- [WHAT IS BEING ASKED]: Starting at the line that contains "LOT: 42762871 VIN: 1GNEC13V43J154016", retype each line to the end of the listing below. Include both ends, but not the pictures.
BEGIN DATA
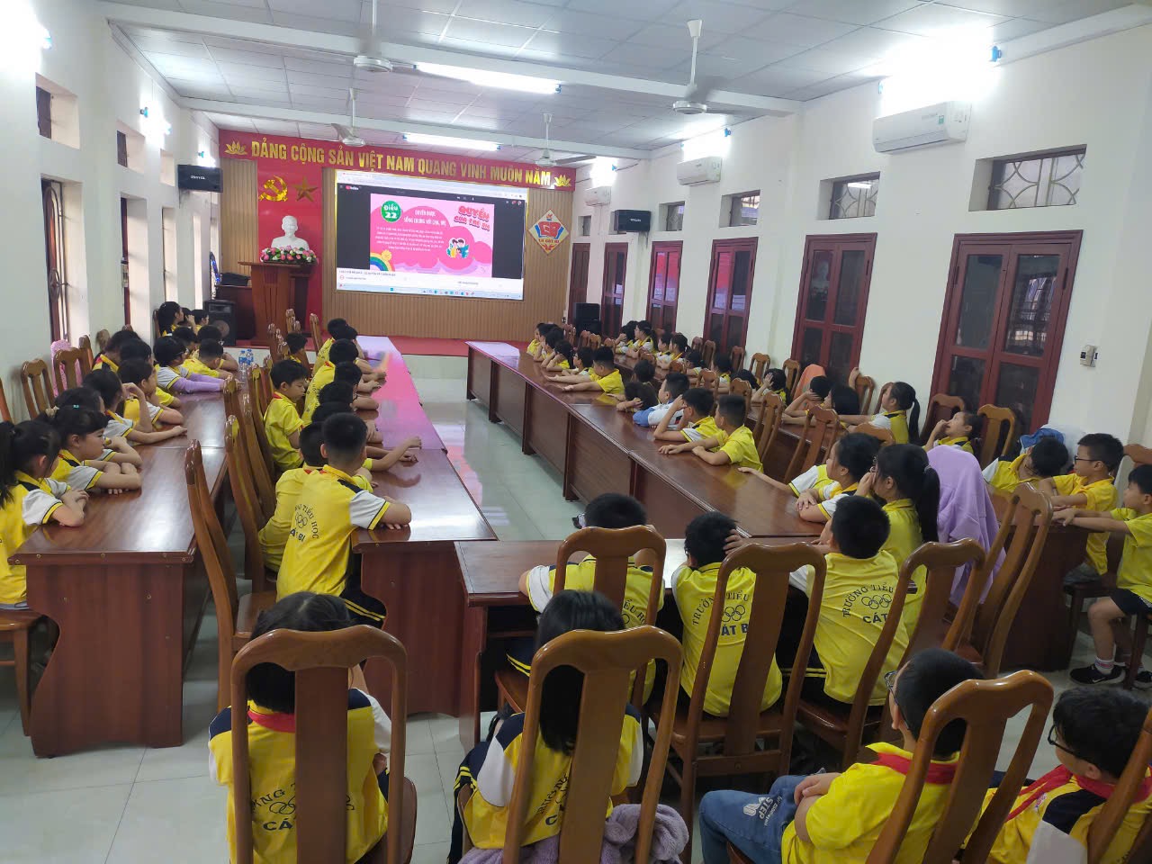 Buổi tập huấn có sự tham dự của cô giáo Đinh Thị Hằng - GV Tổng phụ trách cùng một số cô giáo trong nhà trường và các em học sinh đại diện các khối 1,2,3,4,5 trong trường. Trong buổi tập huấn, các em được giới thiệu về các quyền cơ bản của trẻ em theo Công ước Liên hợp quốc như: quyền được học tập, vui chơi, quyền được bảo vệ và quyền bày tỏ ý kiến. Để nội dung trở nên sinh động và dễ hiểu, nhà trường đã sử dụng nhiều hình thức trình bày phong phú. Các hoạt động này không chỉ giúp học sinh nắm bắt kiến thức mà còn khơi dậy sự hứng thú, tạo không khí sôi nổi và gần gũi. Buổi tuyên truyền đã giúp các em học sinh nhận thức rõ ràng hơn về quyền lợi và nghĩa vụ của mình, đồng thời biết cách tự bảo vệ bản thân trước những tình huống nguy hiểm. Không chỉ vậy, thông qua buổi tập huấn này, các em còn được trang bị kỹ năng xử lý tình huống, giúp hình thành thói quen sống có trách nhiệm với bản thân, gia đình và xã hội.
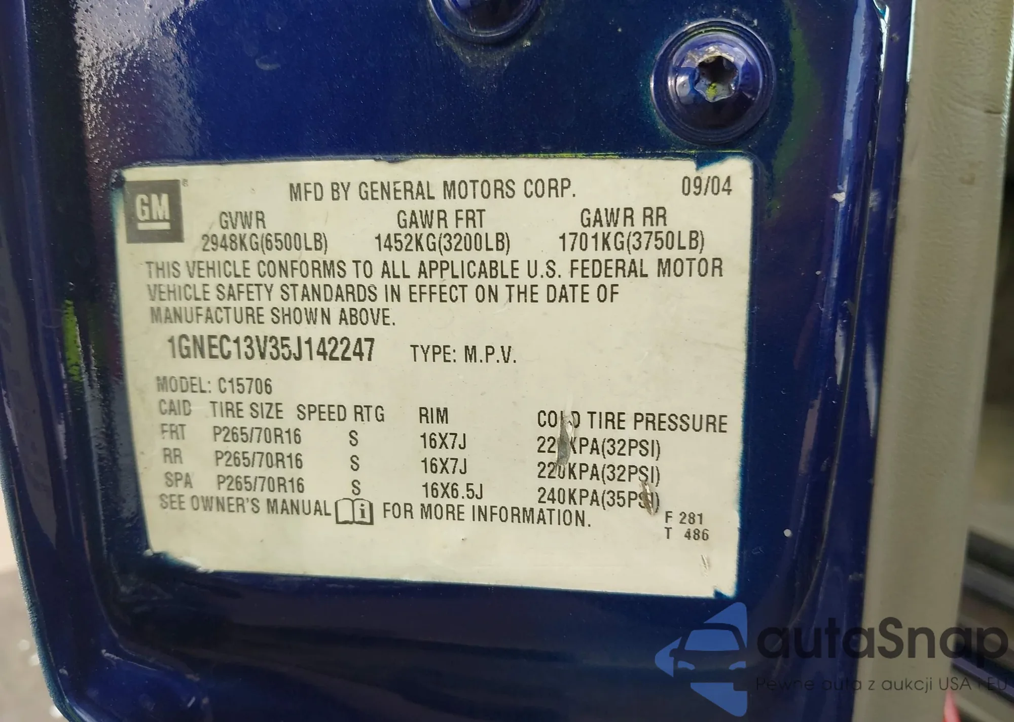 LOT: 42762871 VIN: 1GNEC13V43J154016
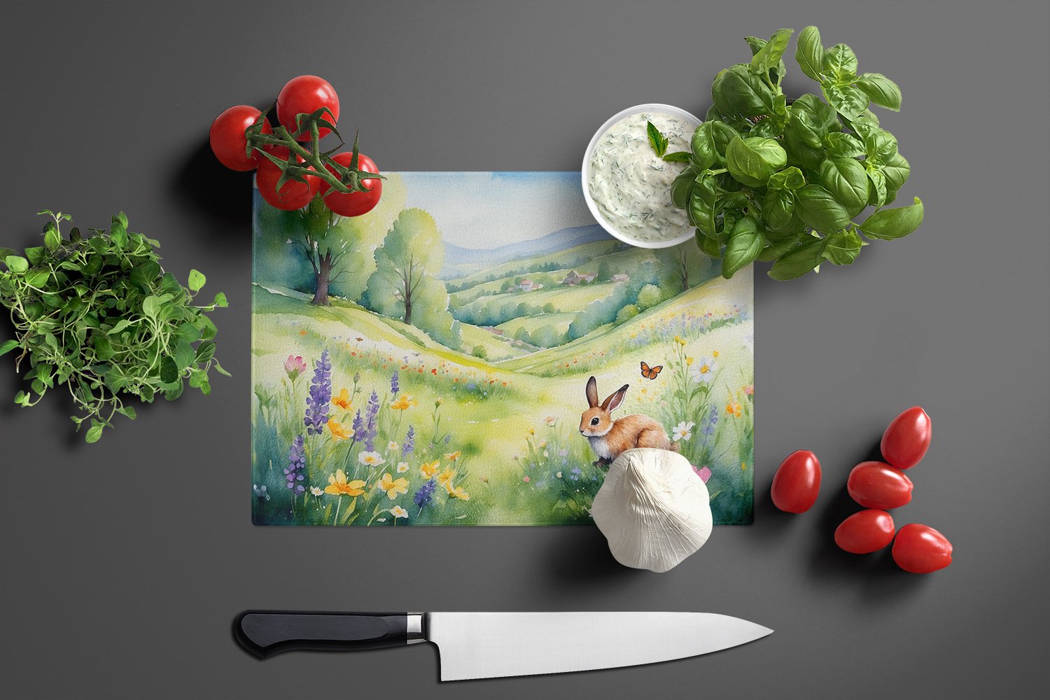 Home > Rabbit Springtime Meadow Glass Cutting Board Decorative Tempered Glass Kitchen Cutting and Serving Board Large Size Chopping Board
END DATA
- [THE ANSWER]:
 LOT: 42762871 VIN: 1GNEC13V43J154016
 Home > Rabbit Springtime Meadow Glass Cutting Board Decorative Tempered Glass Kitchen Cutting and Serving Board Large Size Chopping Board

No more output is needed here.